7.12. Post-processors¶
A detection network does not emit boxes. It emits one or more
tensors whose layout depends on the architecture the model was
trained against – a 2-D tensor of candidate predictions for a
YOLO-family detector, a pair of (boxes, scores) tensors for a
MediaPipe detector, a flat list of keypoint coordinates for a pose
network. The application cannot read any of these directly; what
it wants – a list of boxes, a list of keypoints, a per-class
breakdown – has to be decoded out of the raw tensor.
That decoder is a post-processor.
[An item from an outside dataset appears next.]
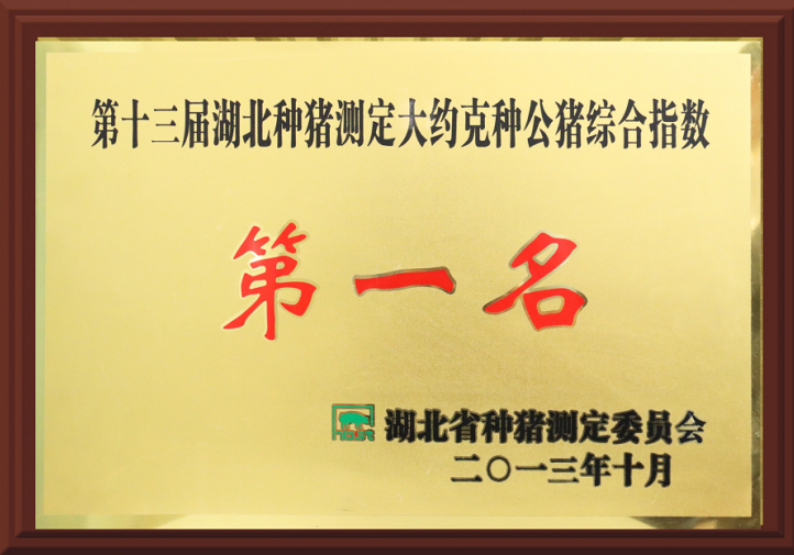 第十三屆湖北種豬測定大約克種公豬綜合指數第一名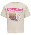 Attractive Kids Only t-shirt in a light, beige colour. The T-shirt is adorned with a prominent print with the text "Coconut" in light rose, as well as a realistic image of a coconut in brown and white tones. The Kids Only t-shirt has a round neckline with a discreet ribbed edge that completes its stylish appearance.

The ml.postprocessing
module groups them by source ecosystem.
7.12.1. Darknet¶
ml.postprocessing.darknet decodes models from the original
YOLO era. YOLO v2 introduced the grid and anchor ideas most
later detectors inherited in some form, so the v2 layout is the
cleanest starting point.
YOLO v2 starts by dividing the input image into a coarse grid – a 13-by-13 layout for the canonical 416-pixel input, smaller for smaller models – and trains the network so each grid cell is responsible for detecting any object whose centre falls inside it. The spatial layout of the output tensor mirrors the layout of the input: one position in the output per cell in the image.
At each grid cell, the network does not predict a box out of thin
air. It picks from several pre-chosen reference shapes called
anchors – fixed (width, height) pairs derived offline by
clustering the box sizes in the training set so they cover the
typical objects the model is expected to see. The network’s job
at each cell is to predict, for each anchor, a small offset to
the box centre within the cell, a scale on the anchor’s width and
height, an objectness score (the likelihood that anything is
there), and a per-class probability vector. A 13-by-13 grid with
the default 5 anchors and 20 classes therefore emits
13 * 13 * 5 * (4 + 1 + 20) = 21,125 numbers per inference.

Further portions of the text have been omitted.